Lo called the model "almost in vivo, essentially an animal model in a dish. We’ve used every trick in the book to recapitulate the neurologic diseases we’re interested in studying-genes, environmental insults, whatever we know causes the disorder in humans." The team presented data in Orlando on their models for stroke, glaucoma and Huntington’s disease. The effort attempts to overcome the time constraints of using transgenic animal models to test drug candidates and the high failure rate of compounds identified in cell-free protein-binding models. Lo also sees it as helping to close the "innovation gap" between academic basic research, where compounds may be discovered, and the high-throughput screening that typically occurs only at biotech and pharmaceutical firms.

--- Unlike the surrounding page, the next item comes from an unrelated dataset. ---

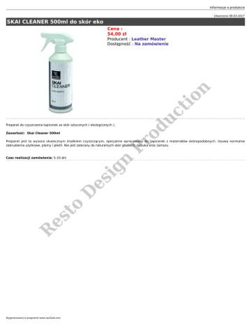 Informacje o produkcie Utworzono 08-03-2017 SKAI CLEANER 500ml do skór eko Cena : 54,00 zł Preparat do czyszczenia tapicerek ze skór sztucznych ( ekologicznych ). Zawartość: Skai Cleaner 500ml Pr od uc ti o n Producent : Leather Master Dostępność : Na zamówienie Preparat jest to wysoce skutecznym środkiem czyszczącym, specjalnie opracowany do tapicerek z materiałów skóropodobnych. Usuwa normalne zabrudzenia użytkowe, plamy i pleśń. Nie jest zalecany do naturalnych skór gładkich, nubuku oraz zamszu. R es t o D es ig n Czas realizacji zamówienia: 5-10 dni Wygenerowano w programie www.oscGold.com

The job of identifying therapeutic targets is not driven by hypotheses, Lo said: "We just throw drugs and disease genes at these models and see what blocks the pathology." So far, his group has identified some new drug candidates that have not yet been investigated for therapeutic use. They also have shown that their assays could have predicted the failure of drugs that did not show efficacy in clinical trials, including a number of the neuroprotective drugs that were investigated for stroke. While the brain-slice test confirmed that these compounds were indeed neuroprotective, the protection was seen only within a narrow set of experimental conditions, which may explain their clinical disappointment.

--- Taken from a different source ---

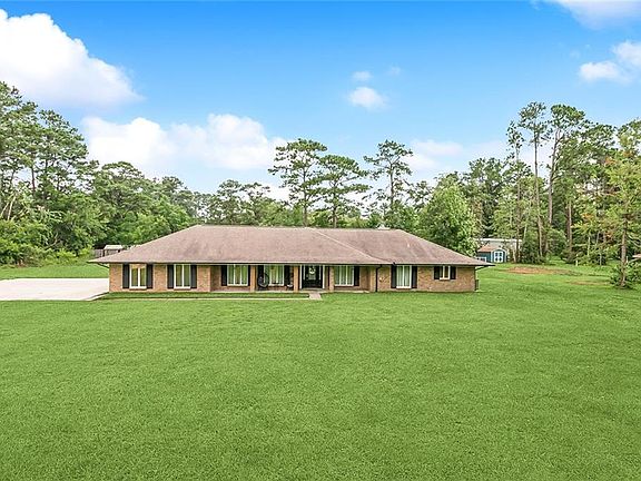 .90 ACRE 5 BEDROOM, 3 BATH RANCH STYLE HOME; COUNTRY LIVING IN DEMAND AREA OF FRENCH BRANCH ESTATES; INVITING FRONT PORCH; LUXURY VINYL PLANK AND CERAMIC TILE THRUOUT; FORMAL LIVING AND DINING ROOMS WITH CROWN MOULDING; AMAZING 24'X17' DEN WITH VAULTED CEILING; WOOD BURNING FIREPLACE WITH BUILT-IN SHELVING, PLUMBING FOR WET BAR & DOUBLE DOORS LEADING TO THE TWO PATIOS ON EACH SIDE OF THE DEN; ENTERTAINER'S KITCHEN WITH GRANITE COUNTER TOPS, LARGE ISLAND WITH ROOM FOR 4 BAR STOOLS, EAT-IN AREA, STAINED CABINETRY GALORE FOR STORAGE, STAINLESS APPLIANCES WITH BEVERAGE COOLER, 2 OVENS AND CERAMIC BACKSPLASH; 5TH BEDROOM/OFFICE/MEDIA ROOM AND BATHROOM OFF OF KITCHEN; LAUNDRY ROOM WITH BUILT-INS; 3 OTHER BEDROOMS PLUS LAVISH 18'X17' PRIMARY BEDROOM WITH CROWN MOULDING AND PRIMARY BATH WITH 4'X6' CUSTOM GLASS & CERAMIC SHOWER WITH HUGE WALK-IN CLOSET; 5TH BEDROOM OFF OF KITCHEN COULD BE CONVERTED BACK TO GARAGE; HUGE 22'X14' STORAGE ROOM INSIDE OF CONVERTED GARAGE AREA; NEW 45'X14' COVERED REAR PORCH; 10'X10' FIRE PIT AREA; NEW EXTRA WIDE DOUBLE DRIVEWAY AND PARKING AREA; FLOOD ZONE C

Once a disease model is developed, the team can screen about 1,000 genes or compounds in a matter of months, said Lo’s colleague Peter Reinhart, also at Duke and Cogent. To date, they have screened 5,000 molecules against the stroke model, and a few hundred genes and 3,000 compounds using the Huntington’s model. The method enables investigation of multigenic diseases; Reinhart said they have used as many as 11 genes in one model. The team is just beginning to screen compounds for Alzheimer’s using a model developed with combined DNA constructs for APP, tau, Aβ42 and ApoE4. (The Alzheimer’s model was not presented.)—By guest writer Brenda Patoine.
Brenda Patoine is a science writer in Lagrangeville, New York, who writes for BrainWork and other publications.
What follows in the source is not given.